— What to do —
Exactly as written, set down the lines from the top of the entries through the line bearing "Manu AI Smart", with every picture left out.

Supplied material Start Marker

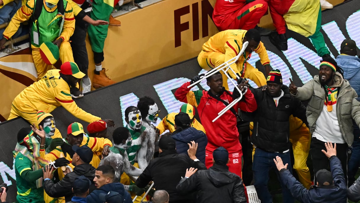 Lors des actes de hooliganisme perpétrés par des supporters sénégalais au stade Moulay Abdellah à Rabat en marge de la finale de la CAN 2025.. AFP
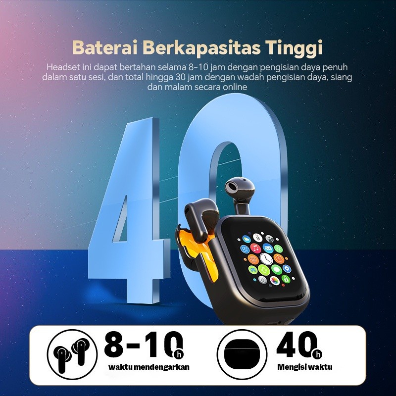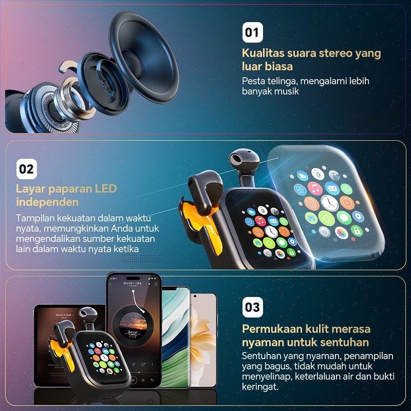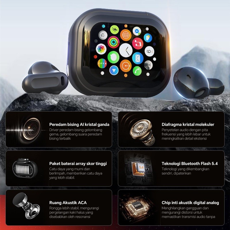 Manu AI Smart Wireless Bluetooth Headset V5.4 TWS Noise Reduction Headphone LED Full Color Touch Screen Earphones Suara
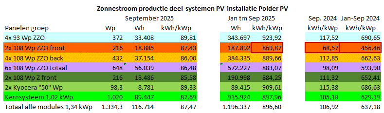 Met de toevoeging in september zijn er begin oktober 2025 in totaal nu bijna 3,26 miljoen PV installaties per stuk < 1 MWac bekend bij energieleveren.nl, volgens de optelling van de drie grootte-categorieën. Hierbij nogmaals de bekende disclaimer: dat is niet het aantal woningen, of dergelijke claims. Er worden immers zeer regelmatig uitbreidingen (= "installaties") aan bestaande projecten toegevoegd, zowel residentieel, als in de projecten markt, een endemisch verschijnsel in Nederland. Het aantal "objecten", "erven", "project sites", is, derhalve, altijd (veel) lager, dan bovengenoemd getal. Wat, desondanks, natuurlijk zonder meer een spectaculair volume blijft weergeven.
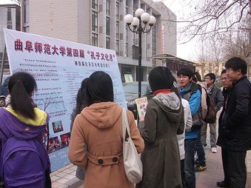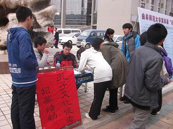 3月20日上午,在大学生活动中心前,快猫视频 第四届“孔子文化月”系列活动的“孔子文化使者”招募活动成功举办。
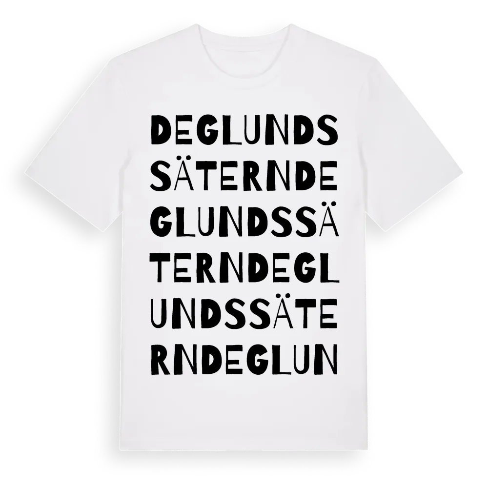 Deglundssätern ordlek t-shirt är inspirerad av Deglundssätern i Värmlands län, Sverige. Tröjan är designad för dig som har en speciell koppling till platsen – oavsett om du bor här, har rötterna här eller bara älskar Deglundssätern.
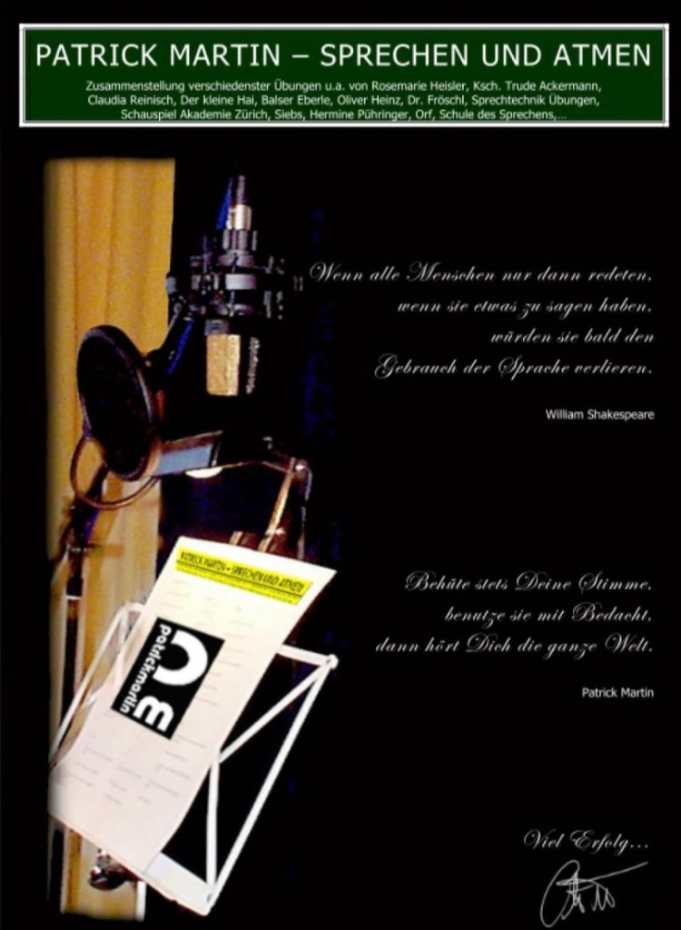 Zurück in Wien, merkte Patrick, dass ihm die Kunst fehlte und er bewarb sich kurzerhand an verschiedenen Schauspielschulen. Aufgenommen wurde er am Franz Schubert Konservatorium. Das Studium schloss er mit Auszeichnung ab. Arbeitete danach auch als Schauspiellehrer und veröffentlichte sein erstes Buch für Schauspiel-Stundent*innen mit dem Fokus auf Sprechen und Atmen, mit Material, das er davor auch schon für den Unterricht eingesetzt hatte.
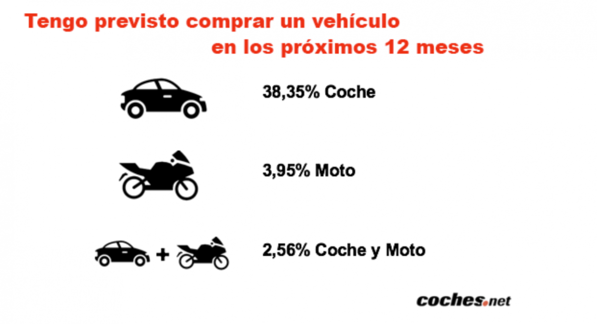 El Estudio de Intención de compra de un vehículo 2020, realizado por coches.net, portal de motor líder en España concluye que el 45% de los encuestados tienen intención de comprar un vehículo en los próximos 12 meses. Entre estos, un 38% apuesta por un coche, un 4% compraría una moto y casi un 3% ambos vehículos. El objetivo de este estudio, el primero coincidiendo con las primeras fases de desescalada, y que ha contado con una muestra de 4.300 personas, es hacer una radiografía de cuál es la tendencia de los españoles a la hora de comprar un vehículo: preferencias, motivos, presupuesto, necesidades, así como conocer dónde y cómo lo adquiere, entre otros.
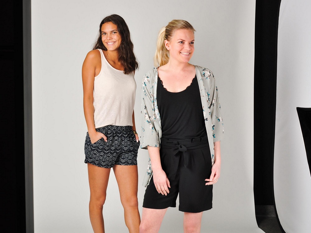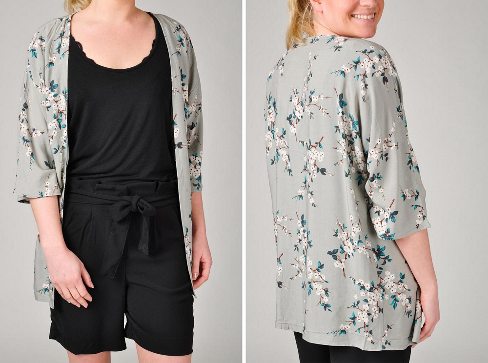 Jessica har på sig kimonon från omtyckta Tristiane-serien. Den kommer ni kunna matcha snyggt med de andra plaggen från serien. De svarta shortsen med knytet kommer från Pieces och sitter så skönt på!
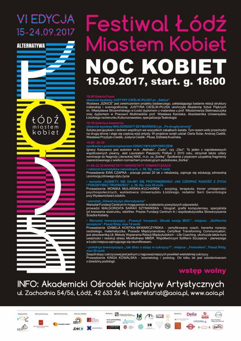 W dniach 15–24 września Akademicki Ośrodek Inicjatyw Artystycznych organizuje szóstą już edycję Festiwalu Łódź Miastem Kobiet.
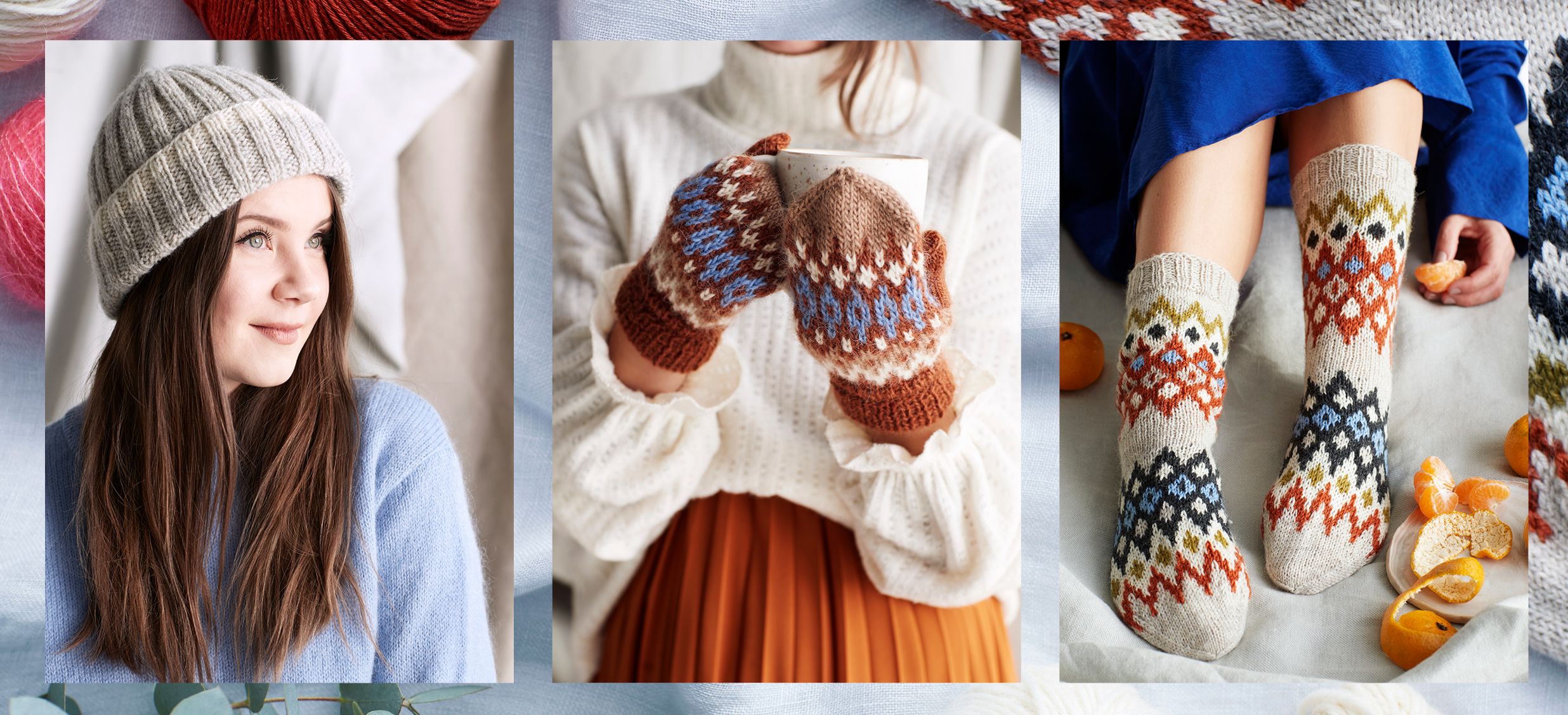 Islantilaisista helpoista kirjoneuleista innostuvia hemmotellaan Novitan kanssa tehdyllä mallistolla. Nämä sukat ja lapaset löytävät tiensä myös neulenoviisien puikoille.
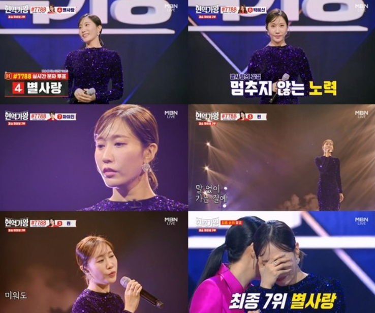 결승 파이널 주제는 ‘현역의 노래’였고, 화려한 스팽글 드레스룩으로 매혹미를 장착한 별사랑은 남진의 ‘미워도 다시 한번’을 선곡했다.
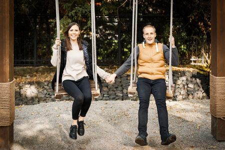 Romantic couple is having fun outside. Enjoying spending time together on a swings.
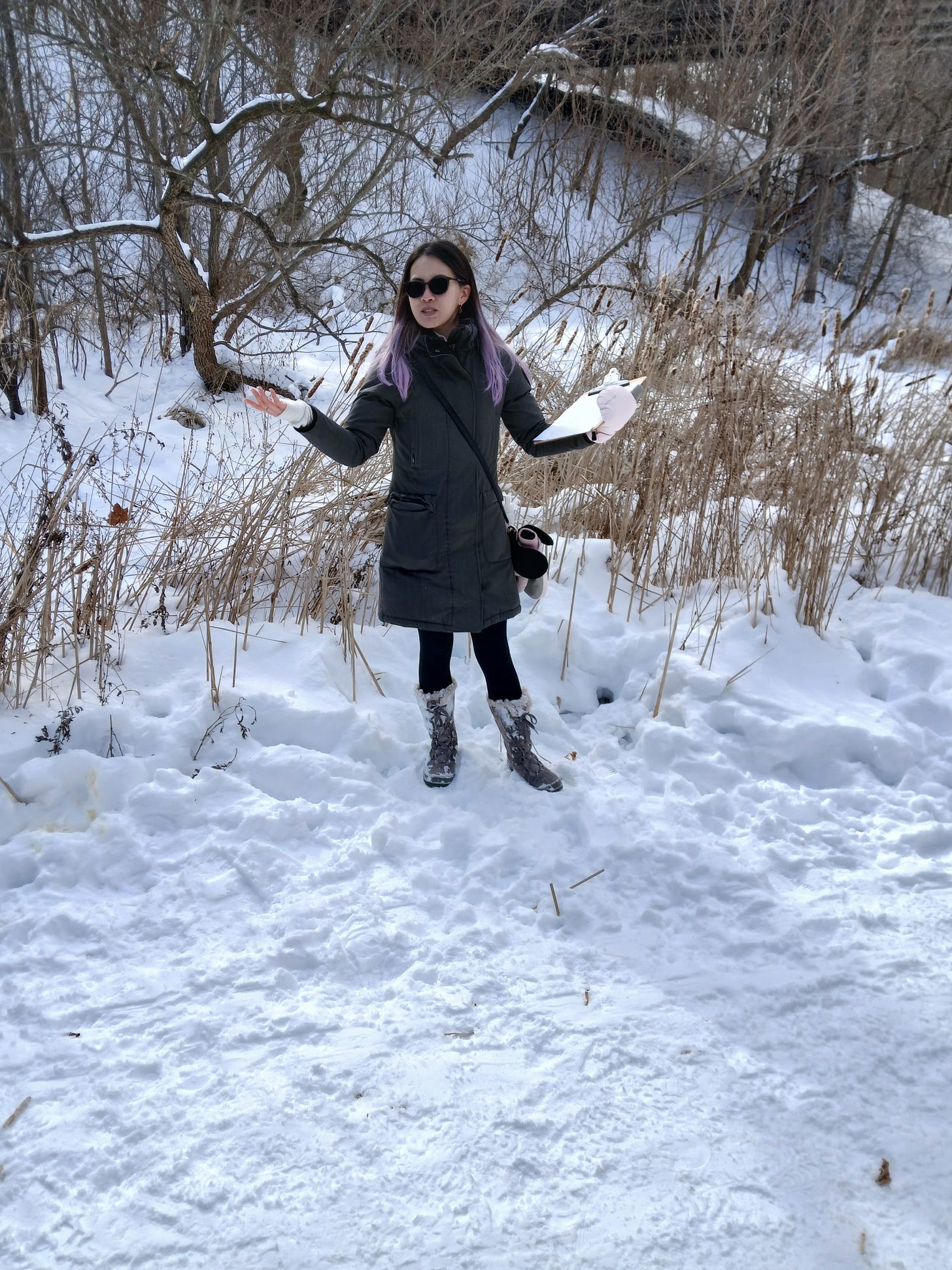 We moved on to the cattail wetland starting at the Bathurst St bridge. This is one of the gems of the ravine. Lan told us that, once the subway was built under the ravine, water started to pool on top of it, providing suitable conditions for a wetland. The cattails (Typha) seeded themselves; there are native, non-native and hybrid species present. The wetland continues to spread in both directions in the ravine. In my post of 30th October 2024, I noted that a New York Times reporter had claimed to have seen a leopard frog in the wetland.

Supplied material End Marker

— Your solution —
 Lors des actes de hooliganisme perpétrés par des supporters sénégalais au stade Moulay Abdellah à Rabat en marge de la finale de la CAN 2025.. AFP
 Manu AI Smart Wireless Bluetooth Headset V5.4 TWS Noise Reduction Headphone LED Full Color Touch Screen Earphones Suara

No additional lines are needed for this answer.